Jon Peckett

Personal information
- Born: 5 July 1981 (age 45) Stamford, Lincolnshire, England

Sport
- Sport: Field hockey

Senior career
- Years: Team / Caps / Goals
- 2002–2004: Southgate / - / -
- 2004—2007: Surbiton / - / -

National team
- Years: Team / Caps / Goals
- –: GB & England / 58 / -

Medal record
Men's field hockey
Representing England
European Championship
| Bronze medal – third place | 2003 Barcelona | Team |

= Jon Peckett =

British field hockey player

Jon Andrew David Peckett (born 5 July 1981) is a British former field hockey player who played for GB and England.

== Biography ==
Peckett was born in Stamford, Lincolnshire, England, and educated at Stamford School. He played club hockey for Southgate in the Men's England Hockey League and was captain of the England Under-21 squad.

While at Southgate he represented England at the 2002 Commonwealth Games in Manchester, where he helped England to a fifth place finish.

Peckett signed for Surbiton from Southgate for the 2004/05 season but required a knee operation which resulted in a six month break. He returned from injury for the England training squad in South Africa.
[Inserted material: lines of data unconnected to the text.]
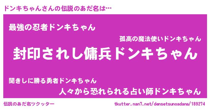 | 男性向けラノベタイトル風あだ名 | 『ドンキちゃんに滅ぼされるだけの簡単なお仕事です』 |
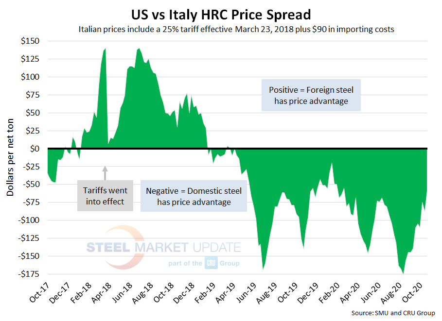 CRU published Italian HRC prices at $514 per net ton, down $4 from last week, but up $6 over two weeks ago. After adding tariffs and import costs, the delivered price of Italian HRC is approximately $733 per ton. Accordingly, domestic HRC is theoretically $58 per ton cheaper than imported Italian HRC; the spread was $88 the previous week and $75 two weeks prior. Recall the record high spread of $176 per ton seen in mid-August. U.S. prices have held this price advantage for over a year and a half.
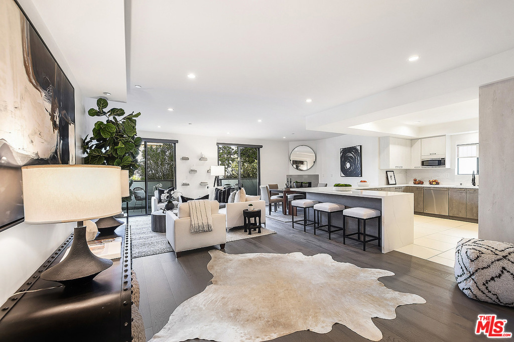 Luxurious 4-bedroom front-facing condo in an upscale building, ideally located in the heart of Brentwood. Effortlessly entertain with a spacious open floor plan featuring high ceilings, an incredible chef's kitchen, breakfast bar, fireplace, & front-facing balcony with a double set of sliding doors. The enormous kitchen is complete with stainless appliances, including a restaurant range & Italian quartz countertops/backsplash. The spacious master suite offers designer finishes: 3 closets with dual walk-ins, separate tub/shower with basalt lava stonework & high-end fixtures. Secondary bedrooms can alternate as offices, home gym, or any number of uses. Master + two of the rooms connect to an expansive side patio. Additional amenities include full-sized W/D, coat closets, pre-wired alarm system, & common area rec rm. Gated parking w/new EV/Tesla charger & guest spots. Walking distance to Whole Foods, farmers market & Brentwood Country Mart.
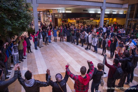 A perfect example of this was at the demonstration at Bellevue Square when a woman with a child who was sitting in the area where The People gathered to sing, joined the demonstration with her young son. The People were singing “Which side are you on my friend, which side are you on? Justice for Mike Brown, is justice for us all” in the center of the mall. After the police, decked out in full riot gear encircled the demonstrators, they made a plea to the white woman from Bellevue, notifying her that they were about to arrest everyone in the demonstration and warning her that she should take her son away before they began. Instead of running away and allowing an unjust action to occur, she grabbed her son and entered into the center of the circle of this peaceful demonstration. It was both heartwarming and inspiring to see that someone who no one knew believed in fighting for justice so much would not conceal even her son from the harsh reality of oppression and suppression.
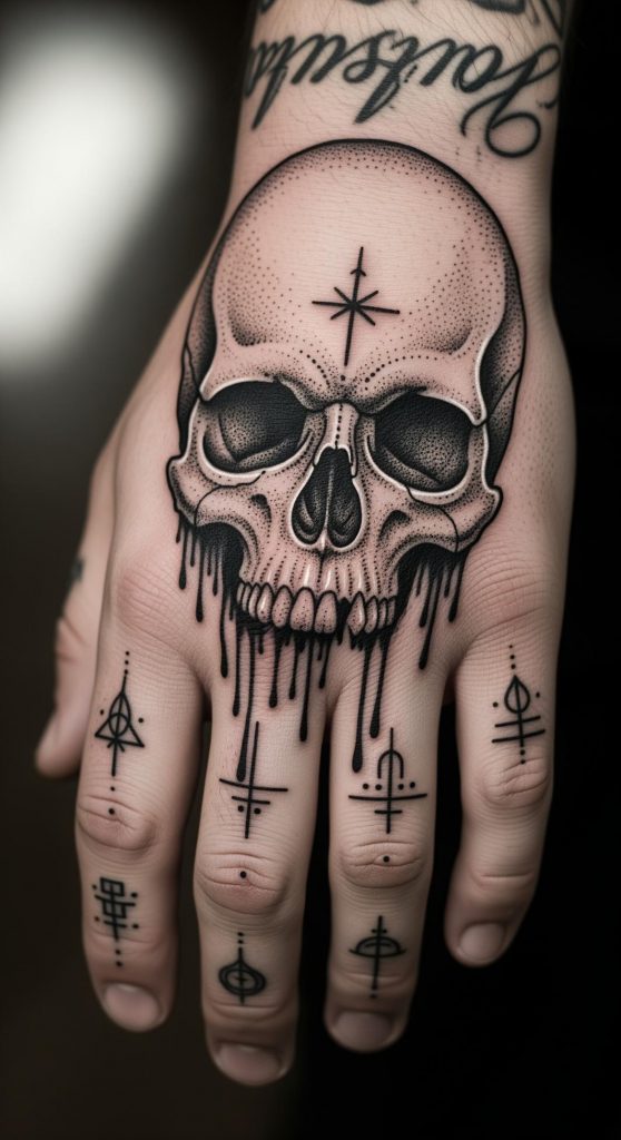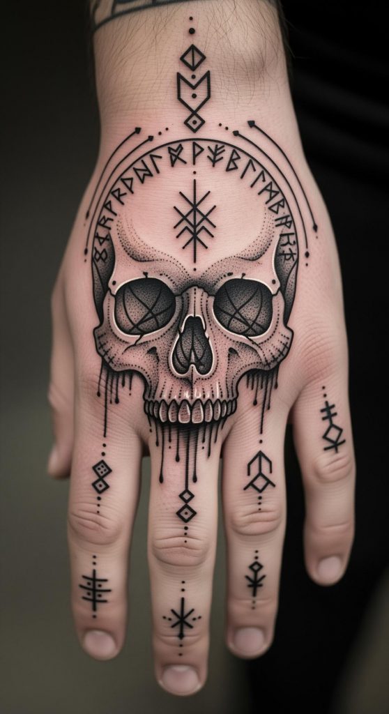 This powerful tattoo artfully blends the timeless symbol of the skull with mystic sigils and geometric forms, capturing the essence of mortality and the relentless pursuit of wisdom. The skull, marked by intricate runic patterns and arcane symbols, invokes ancient traditions where it represented the gateway between life and death, inspiring both fear and respect.

By the time he had retired from international hockey he had won 58 international caps. In September 2007 he took the position of head of hockey and PE teacher at Stamford Endowed Schools, where he spent seven years before becoming head of hockey at The Perse School in Cambridge from 2014 to 2020.

In 2021, after a year in China, he took the role of youth head coach at Cambridge City Hockey Club and returned to the Perse School.